(Materials provided)
......

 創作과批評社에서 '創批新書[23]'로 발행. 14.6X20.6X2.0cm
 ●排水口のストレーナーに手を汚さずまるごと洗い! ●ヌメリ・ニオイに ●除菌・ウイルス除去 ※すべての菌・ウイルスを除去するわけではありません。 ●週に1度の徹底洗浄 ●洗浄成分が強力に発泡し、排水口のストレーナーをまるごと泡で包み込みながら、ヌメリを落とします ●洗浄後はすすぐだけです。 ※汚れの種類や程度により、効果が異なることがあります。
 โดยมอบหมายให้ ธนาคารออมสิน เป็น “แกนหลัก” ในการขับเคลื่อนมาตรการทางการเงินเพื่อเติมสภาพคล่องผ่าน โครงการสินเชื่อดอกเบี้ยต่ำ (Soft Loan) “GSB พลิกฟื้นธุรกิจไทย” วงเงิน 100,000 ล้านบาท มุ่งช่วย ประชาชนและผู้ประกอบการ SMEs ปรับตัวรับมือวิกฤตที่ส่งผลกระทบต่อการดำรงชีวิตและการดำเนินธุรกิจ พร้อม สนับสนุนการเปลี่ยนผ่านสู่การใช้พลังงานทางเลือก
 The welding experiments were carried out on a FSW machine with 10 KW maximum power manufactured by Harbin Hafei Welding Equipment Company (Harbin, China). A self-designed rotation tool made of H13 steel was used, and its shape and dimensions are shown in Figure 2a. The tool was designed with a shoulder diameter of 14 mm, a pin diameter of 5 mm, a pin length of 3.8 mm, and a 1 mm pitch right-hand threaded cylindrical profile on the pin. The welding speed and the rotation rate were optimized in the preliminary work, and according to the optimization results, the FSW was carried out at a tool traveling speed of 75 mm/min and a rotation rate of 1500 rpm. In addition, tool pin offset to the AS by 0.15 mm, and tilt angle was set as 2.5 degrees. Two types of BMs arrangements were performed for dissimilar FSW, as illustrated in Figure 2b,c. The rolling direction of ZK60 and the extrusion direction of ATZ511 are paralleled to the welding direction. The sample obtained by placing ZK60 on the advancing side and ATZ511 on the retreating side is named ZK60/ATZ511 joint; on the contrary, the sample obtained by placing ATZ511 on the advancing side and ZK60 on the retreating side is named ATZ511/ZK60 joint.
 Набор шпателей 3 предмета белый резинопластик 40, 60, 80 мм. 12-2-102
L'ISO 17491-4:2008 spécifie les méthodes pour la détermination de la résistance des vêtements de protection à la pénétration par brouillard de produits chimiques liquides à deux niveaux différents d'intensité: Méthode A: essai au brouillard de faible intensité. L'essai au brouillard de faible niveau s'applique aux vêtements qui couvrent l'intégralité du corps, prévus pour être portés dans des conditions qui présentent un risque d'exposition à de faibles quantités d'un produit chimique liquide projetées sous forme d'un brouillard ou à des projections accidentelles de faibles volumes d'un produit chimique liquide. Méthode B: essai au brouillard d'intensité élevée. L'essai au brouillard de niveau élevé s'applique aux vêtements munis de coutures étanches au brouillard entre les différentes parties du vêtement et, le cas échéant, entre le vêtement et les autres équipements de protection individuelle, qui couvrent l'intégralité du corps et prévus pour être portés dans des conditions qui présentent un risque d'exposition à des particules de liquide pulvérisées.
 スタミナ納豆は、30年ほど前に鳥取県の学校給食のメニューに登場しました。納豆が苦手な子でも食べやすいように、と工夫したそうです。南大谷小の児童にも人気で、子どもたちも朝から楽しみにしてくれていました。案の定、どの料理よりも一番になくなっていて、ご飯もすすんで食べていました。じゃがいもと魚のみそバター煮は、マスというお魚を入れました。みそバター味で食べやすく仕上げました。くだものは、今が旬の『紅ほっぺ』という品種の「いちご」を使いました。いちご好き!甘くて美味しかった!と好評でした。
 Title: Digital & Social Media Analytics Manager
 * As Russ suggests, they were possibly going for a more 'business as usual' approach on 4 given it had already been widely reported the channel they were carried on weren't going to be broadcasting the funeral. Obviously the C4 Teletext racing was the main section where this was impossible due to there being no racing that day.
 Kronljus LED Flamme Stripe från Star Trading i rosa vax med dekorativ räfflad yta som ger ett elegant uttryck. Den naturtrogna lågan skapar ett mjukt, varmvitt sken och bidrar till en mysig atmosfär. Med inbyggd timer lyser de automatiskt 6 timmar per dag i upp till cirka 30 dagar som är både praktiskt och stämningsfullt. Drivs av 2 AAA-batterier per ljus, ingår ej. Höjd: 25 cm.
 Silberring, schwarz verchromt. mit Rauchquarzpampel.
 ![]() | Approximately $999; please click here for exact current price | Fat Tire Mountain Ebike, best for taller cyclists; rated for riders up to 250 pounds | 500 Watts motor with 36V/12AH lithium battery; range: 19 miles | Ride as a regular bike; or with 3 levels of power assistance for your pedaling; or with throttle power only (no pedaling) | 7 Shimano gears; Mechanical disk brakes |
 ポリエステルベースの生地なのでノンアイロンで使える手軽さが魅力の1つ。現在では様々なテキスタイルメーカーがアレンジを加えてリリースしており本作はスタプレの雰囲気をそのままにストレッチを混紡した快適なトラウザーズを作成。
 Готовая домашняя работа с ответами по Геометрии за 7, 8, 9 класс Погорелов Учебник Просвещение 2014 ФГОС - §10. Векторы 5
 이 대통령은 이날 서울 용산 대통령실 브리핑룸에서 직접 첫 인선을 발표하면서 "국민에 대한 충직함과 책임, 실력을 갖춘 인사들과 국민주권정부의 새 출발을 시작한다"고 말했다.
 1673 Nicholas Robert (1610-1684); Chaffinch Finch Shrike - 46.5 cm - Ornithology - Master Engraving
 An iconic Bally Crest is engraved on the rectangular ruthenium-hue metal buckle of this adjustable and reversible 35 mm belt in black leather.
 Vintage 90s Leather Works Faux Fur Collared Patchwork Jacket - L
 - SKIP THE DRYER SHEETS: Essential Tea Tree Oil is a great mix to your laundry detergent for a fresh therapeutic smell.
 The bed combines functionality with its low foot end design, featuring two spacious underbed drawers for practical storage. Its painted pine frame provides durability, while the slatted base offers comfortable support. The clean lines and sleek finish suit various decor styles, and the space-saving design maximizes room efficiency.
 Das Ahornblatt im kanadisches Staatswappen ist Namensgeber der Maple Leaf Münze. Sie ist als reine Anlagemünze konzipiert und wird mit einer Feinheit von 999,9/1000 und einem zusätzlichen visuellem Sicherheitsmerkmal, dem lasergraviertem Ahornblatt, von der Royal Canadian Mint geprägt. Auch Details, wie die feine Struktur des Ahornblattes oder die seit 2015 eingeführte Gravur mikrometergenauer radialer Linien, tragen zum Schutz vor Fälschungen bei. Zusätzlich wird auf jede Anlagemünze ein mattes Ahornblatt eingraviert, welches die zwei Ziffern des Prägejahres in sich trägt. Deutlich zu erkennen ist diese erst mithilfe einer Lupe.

......

(Exercise description) Wherever "power" turns up in the records, copy the whole line.

(Answer to this problem)
 The welding experiments were carried out on a FSW machine with 10 KW maximum power manufactured by Harbin Hafei Welding Equipment Company (Harbin, China). A self-designed rotation tool made of H13 steel was used, and its shape and dimensions are shown in Figure 2a. The tool was designed with a shoulder diameter of 14 mm, a pin diameter of 5 mm, a pin length of 3.8 mm, and a 1 mm pitch right-hand threaded cylindrical profile on the pin. The welding speed and the rotation rate were optimized in the preliminary work, and according to the optimization results, the FSW was carried out at a tool traveling speed of 75 mm/min and a rotation rate of 1500 rpm. In addition, tool pin offset to the AS by 0.15 mm, and tilt angle was set as 2.5 degrees. Two types of BMs arrangements were performed for dissimilar FSW, as illustrated in Figure 2b,c. The rolling direction of ZK60 and the extrusion direction of ATZ511 are paralleled to the welding direction. The sample obtained by placing ZK60 on the advancing side and ATZ511 on the retreating side is named ZK60/ATZ511 joint; on the contrary, the sample obtained by placing ATZ511 on the advancing side and ZK60 on the retreating side is named ATZ511/ZK60 joint.
 ![]() | Approximately $999; please click here for exact current price | Fat Tire Mountain Ebike, best for taller cyclists; rated for riders up to 250 pounds | 500 Watts motor with 36V/12AH lithium battery; range: 19 miles | Ride as a regular bike; or with 3 levels of power assistance for your pedaling; or with throttle power only (no pedaling) | 7 Shimano gears; Mechanical disk brakes |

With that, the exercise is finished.